> TO DO:
Stop after the line with "周三,由于市场已经消化了美联". Up to that point, output every line of the listing below exactly from the first one onward, skipping pictures.

> MATERIAL SHOWN:
______________________________
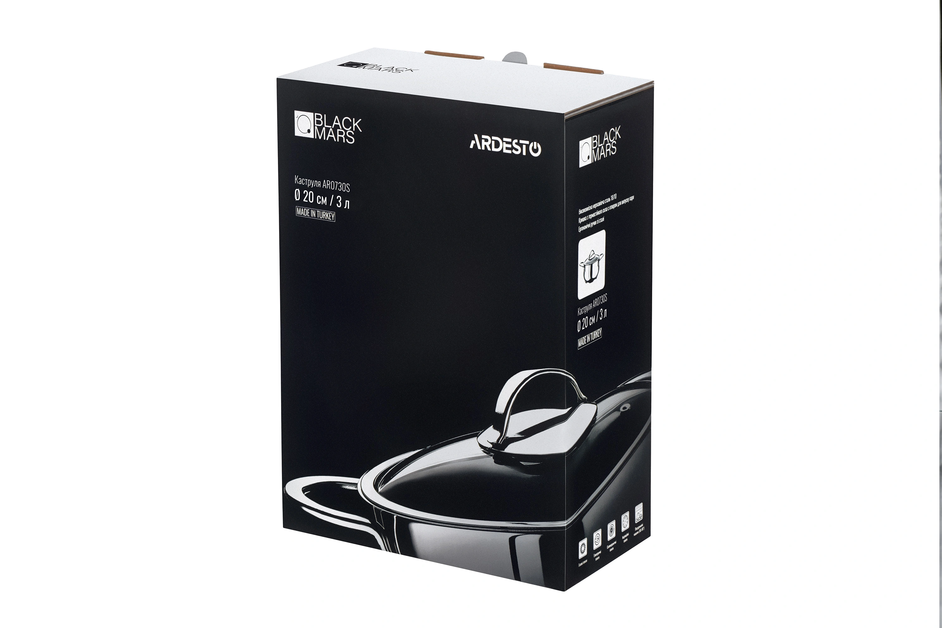 Каструлі серії BLACK MARS виготовлені з нержавіючої сталі 18/10. Вони сумісні з усіма видами плит, включаючи індукційну, а для очищення можна використовувати посудомийну машину.
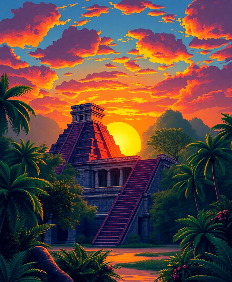 Ultimately, witness your completed temple bathed in golden dawn light. The finished artwork captures timeless beauty of Mayan architecture perfectly. Therefore, display your achievement with pride and satisfaction.
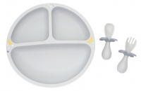 Oribel feeding set plate with fork and spoon. Starting to eat adult food is an exciting and important stage in a child's development, opening up a new world of flavors to your baby and forming the foundation for growing strong and healthy. The Oribel feeding set is designed to make mealtimes easy and enjoyable.
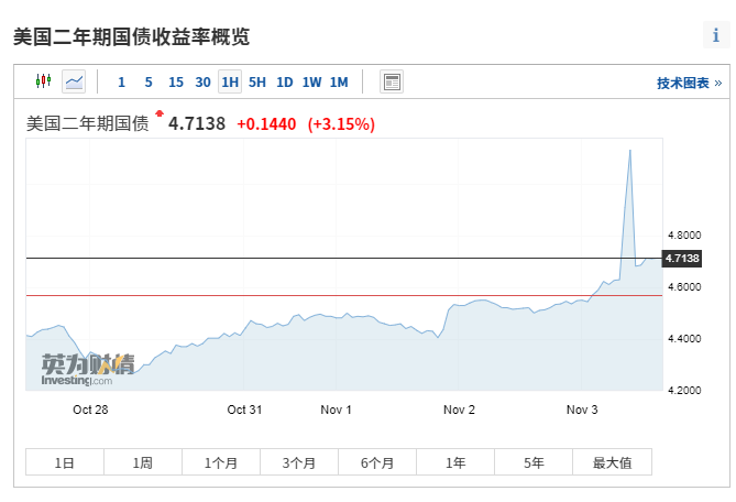周三,由于市场已经消化了美联储加息75bp这个预期,并且决议还带来另外一个对股市的“好消息”——今年12月和明年2月很可能会放缓加息速度,即不再保持75个基点的大幅加息步伐,使得美股当时快速反弹,道指、标普一度转涨。不过,在凌晨02:30美联储主席鲍威尔开启新闻发布会后,市场风云突变。鲍威尔不仅指出美联储目前还没有考虑暂停加息,甚至还强调“终端利率水平将高于此前的预期”。市场对本次加息周期的终点提高到了5%-5.25%,远超9月点阵图暗示的4.6%,三大指数尾盘大幅走低,其中受利率影响最严重的纳指跌超3%。
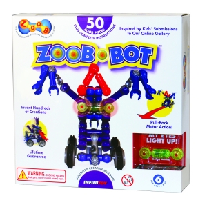 Набор включает в себя 50 основных деталей, 4 колеса, инерционный двигатель и заменяемую батарейку (для светящихся глаз).
______________________________
> SOLVED PROBLEM:
 Каструлі серії BLACK MARS виготовлені з нержавіючої сталі 18/10. Вони сумісні з усіма видами плит, включаючи індукційну, а для очищення можна використовувати посудомийну машину.
 Ultimately, witness your completed temple bathed in golden dawn light. The finished artwork captures timeless beauty of Mayan architecture perfectly. Therefore, display your achievement with pride and satisfaction.
 Oribel feeding set plate with fork and spoon. Starting to eat adult food is an exciting and important stage in a child's development, opening up a new world of flavors to your baby and forming the foundation for growing strong and healthy. The Oribel feeding set is designed to make mealtimes easy and enjoyable.
周三,由于市场已经消化了美联储加息75bp这个预期,并且决议还带来另外一个对股市的“好消息”——今年12月和明年2月很可能会放缓加息速度,即不再保持75个基点的大幅加息步伐,使得美股当时快速反弹,道指、标普一度转涨。不过,在凌晨02:30美联储主席鲍威尔开启新闻发布会后,市场风云突变。鲍威尔不仅指出美联储目前还没有考虑暂停加息,甚至还强调“终端利率水平将高于此前的预期”。市场对本次加息周期的终点提高到了5%-5.25%,远超9月点阵图暗示的4.6%,三大指数尾盘大幅走低,其中受利率影响最严重的纳指跌超3%。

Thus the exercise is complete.